In the energy sector, Saudi Arabian Oil Co placed 33rd with 917 patents (down from 1,003), and LG Energy Solution reached 49th with 654 patents (up 64.32%, moving up 37 places). The automotive supplier Denso Corp moved to 39th place with 767 patents, showing an 18% increase.
Patent application surge meets processing constraints at USPTO
While patent applications continue to reach all-time highs (430,625 in 2024), patent grants, although showing a slight bump this past year, have been declining since 2019. This divergence is likely a result of a growing backlog at the USPTO, which reached 813,000 unexamined applications in 2024—up from 750,000 in 2023 and 540,000 before COVID. The USPTO is actively addressing this issue by hiring more patent examiners. “It’s good to see patent grants heading in the right direction again,” said IFI CLAIMS CEO Ronald Kratz in a press release. “Grants had been sinking since the start of the pandemic, likely because of the backlog of unexamined patents piling up. The USPTO has been hiring more examiners to deal with the accumulation, so it looks like that’s having a positive effect.”

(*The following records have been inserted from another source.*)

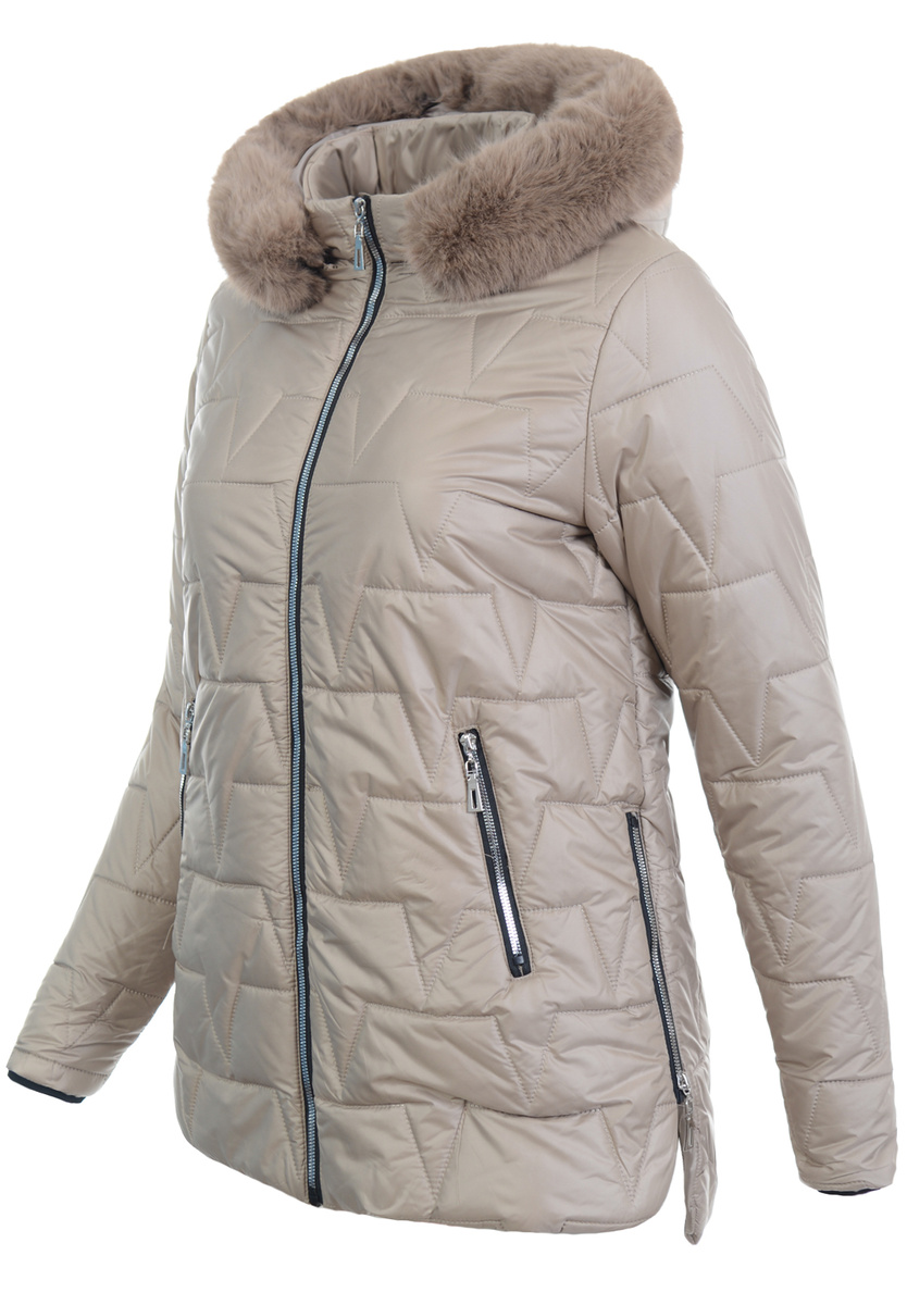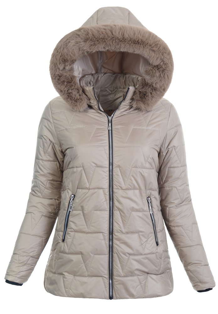 Przepiękna, modna damska zimowa kurtka ortalionowa. Kurtka jest w kolorze beżowym, zapinana na suwak. Ocieplona wysokiej jakości ociepleniem syntetycznym, który zapewnia termoizolację i wysoki komfort użytkowania, dodatkowo podszewka wykonana jest z futerka. Posiada dwie pojemne kieszenie po bokach. Kieszenie są zapinane na suwak. Dodatkowo kurtka posiada odpinany kaptur z pięknym futerkiem. Futerko przy kapturze również jest odpinane. Dodatkowo kurtka posiada ściągać w pasie, który pozwala na idealne dopasowanie kurtki do sylwetki. Kurteczka jest idealnym rozwiązaniem dla osób ceniących sobie wygodę idealna do wielu stylizacji.
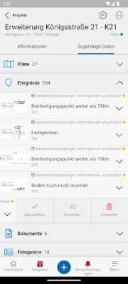 Simply store and retrieve documents, plans and defects, define tasks or share them via communication. With RIB Site, you can release documents individually for project participants or trades on a task-related basis or upload them directly via the portal mode or have them released. In this way, employees in the office and on the construction site always work with the correct level of knowledge and save coordination loops and consultation effort. With the convenient search options and integrated full-text search, users can quickly find the right documents and forward them to colleagues or external project partners via a link.
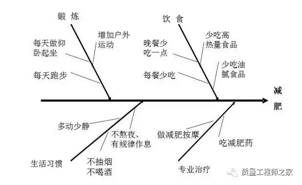 a、確定大要因(大骨)時,現場作業一般從“人機料法環”著手,管理類問題一般從“人事時地物”層別,應視具體情況決定。

The top Cooperative Patent Classification (CPC) codes for granted patents in 2024 remained consistent with 2023, with G06F (electrical digital data processing) and H04L (transmission of digital information) leading the way. Yet the use of these codes is declining. The fastest-growing technologies include H01M (batteries), A61P (medicinal preparations), and G06T (image data generation). In terms of patent applications, G06F and H04L are still the most covered technologies, but their growth is slowing. H10K (organic electric solid-state devices) and H01M (batteries) showed significant growth, while G06N (computing arrangements based on computational models) experienced a decline.

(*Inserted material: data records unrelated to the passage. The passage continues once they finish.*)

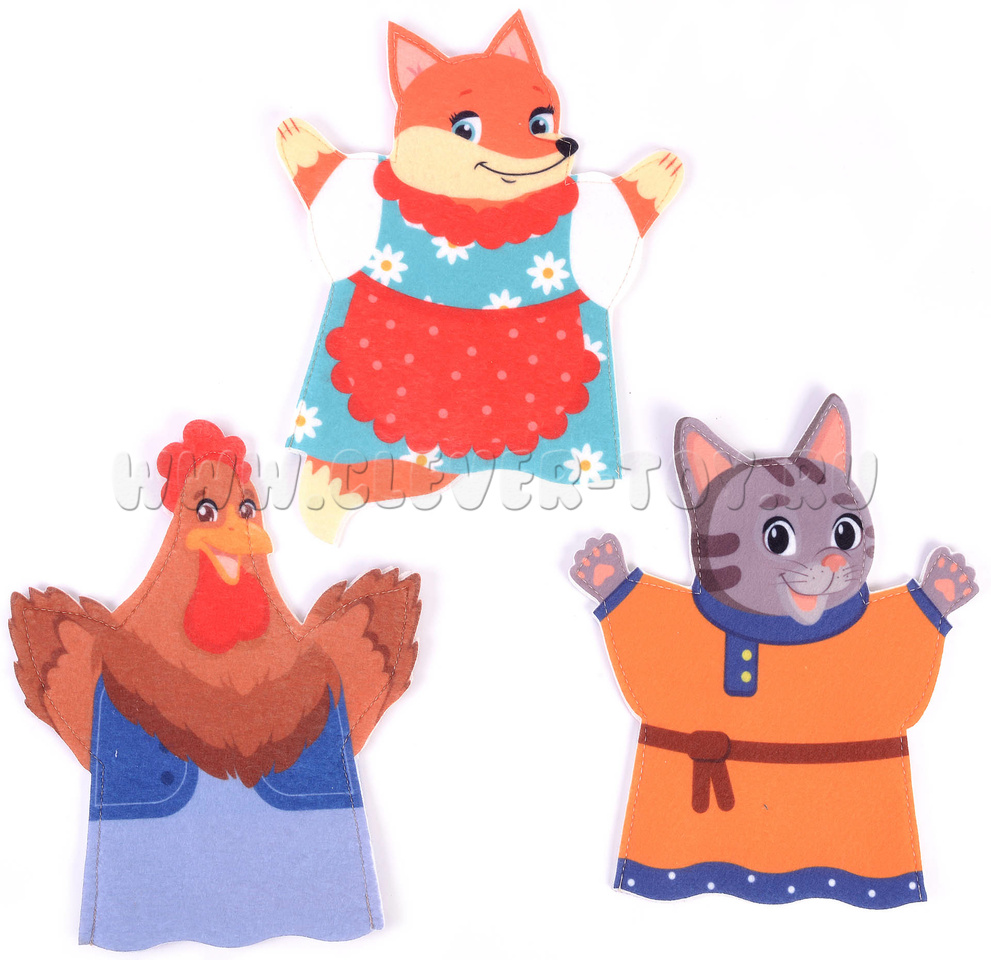 Театр на руку "Кот, петух, лиса" фетр (3 детали)
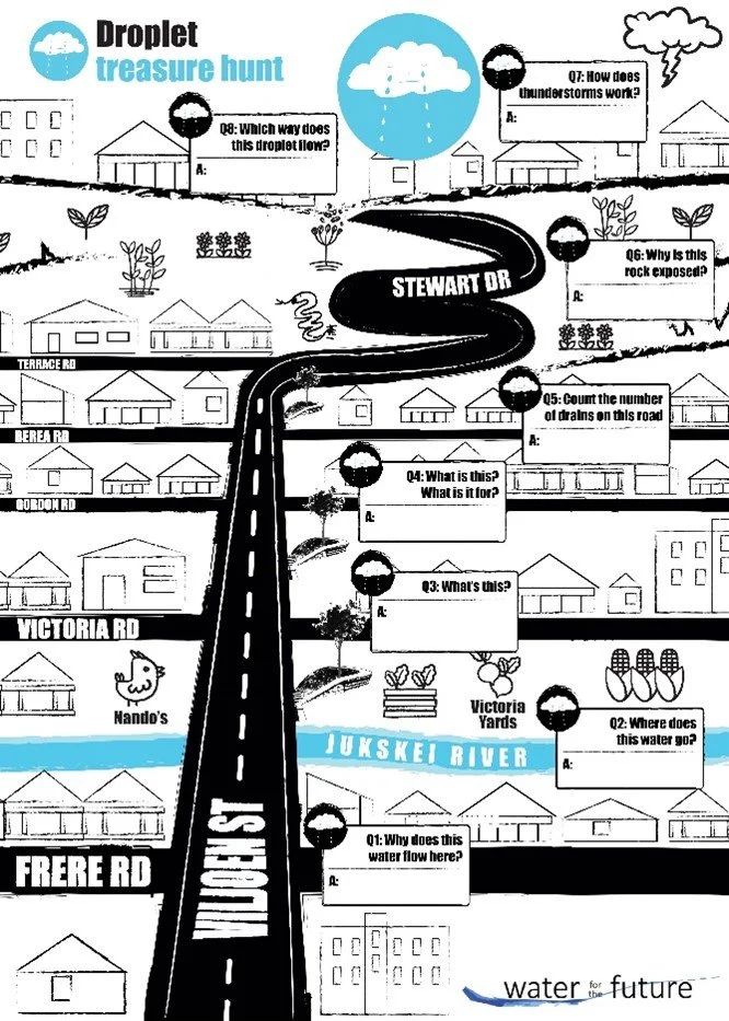 The construction of our Eco Tree Seat provided many opportunities for art adventures and serves as a model for our projects going forward. Children from the area were involved in a mosaic art workshop, and drew their feelings about the state of the nature. A ‘crying cloud’ drawing by a young boy became the official mascot and part of the Water Droplet Treasure Hunt which started at the Tree Seat and was aimed at kids learning about the river, and how water behaves in the catchment.
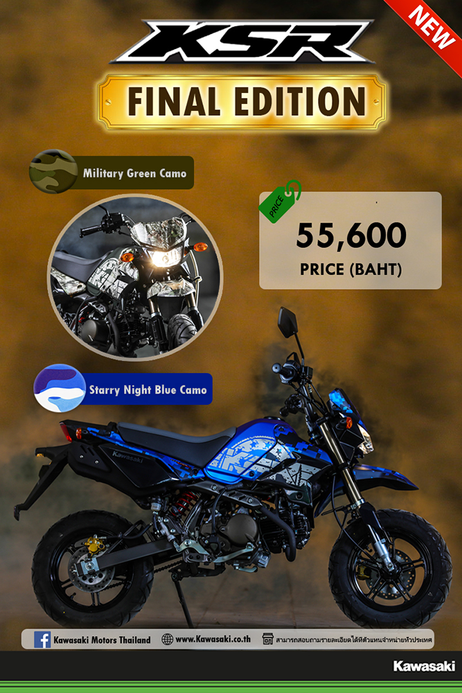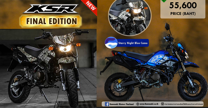 จักรยานยนต์มินิไบค์สไตล์สปอร์ต KSR "Final Edition" รถจักรยานยนต์ที่คูลที่สุดแห่งยุค กับความเรียบง่ายและทนทานของเครื่องยนต์ 1 สูบ 4 จังหวะที่ระบายความร้อนด้วยอากาศ ขนาด 111 ซีซี พร้อมด้วยการออกแบบทางวิศวกรรมและรูปลักษณ์ที่สวยงาม ทำให้ KSR มีสมรรถนะที่ยอดเยี่ยมและความงดงามที่น่าจดจำ ด้วยจำนวนจำกัด สำหรับแฟน ๆ และผู้ที่ชื่นชอบ โอกาสสุดท้ายที่จะได้สัมผัสกับประสบการณ์ความสนุกสนานบนท้องถนนด้วยรถจักรยานยนต์คู่ใจ ที่ขี่สนุก และโดดเด่นสะดุดสายตา กับ KSR "Final Edition" ซึ่งเป็นรุ่นสุดท้ายในไลน์การผลิตด้วยลวดลายกราฟิก ล่าสุดมาในสี Starry Night Blue Camo และ Military Green Camo โดยมีราคาอยู่ที่ 55,600 บาท

Beyond the raw numbers, patent classification trends provide a granular look into technological trajectories and R&D priorities across industries. “Patent activity provides valuable insight into companies’ R&D strategy…often the true value of a company lies with its intellectual properties,” as IFI CLAIMS observed. For R&D professionals, tracking leading assignees and fast-growing technologies in CPC classes offers a roadmap to where the next wave of innovation is happening—be it semiconductors, batteries, AI-enabled software, or waste-mitigation inventions.